For now, all that researchers can say for sure is that the transferred cells take root and flourish in dead areas of the heart. Whether they make the heart pump more forcefully remains to be proved, although researchers say they see encouraging evidence that this may happen.

"The results so far support the hypothesis that these cells will do some good. It gives us a reason to go on," said Dr. Francis Pagani of the University of Michigan.

Pagani is working with Dib, whose team tested the approach on 16 patients getting either coronary bypasses or temporary pumps to keep them alive until they could have heart transplants.

Ordinarily, the heart pushes out more than half of its blood with each beat. Dib's patients had such bad heart failure that their hearts pumped just 23 percent.
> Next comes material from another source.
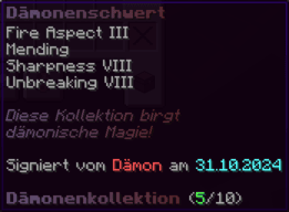 Ein dämonisches Schwert, geschmiedet in den Tiefen der Hölle. Es ist mit Verbrennung III, Reparatur, Schärfe VIII und Haltbarkeit VIII verzaubert, wodurch es furchteinflößend stark ist.

After the bypasses and cell injections, this improved to 36 percent, although it was impossible say how much, if any, of the new strength resulted from the extra cells.

Like Manasche, Dib's team begins with immature muscle cells, called myoblasts, obtained from the patients' own thighs. These are grown in test tubes until millions are available. Then they are injected into parts of the heart that died during heart attacks.

"We clearly showed living tissue in the injected scar," Dib said.

Dr. Tomasz Siminiak of the University School of Medical Science in Poznan, Poland, tested the same approach on 10 patients. Improved contraction was seen in scarred areas of the heart within a month of the procedure.

Both Manasche and Siminiak found that patients needed drugs to prevent potentially lethal heart rhythm disturbances in the months following the injections, although this hazard appeared to go away with time.

Drs. Manuel Galinanes of the University of Leicester in Britain and Christof Stamm of Rostock University in Germany are using primitive bone marrow cells instead of thigh muscle cells, and both say their results are similar.

Using heart scans, Galinanes found no change in the way the scarred tissue moved after receiving solely bypass surgery or marrow cell injections. However, he said, "when the two treatments were applied in combination, we saw a very, very significant improvement."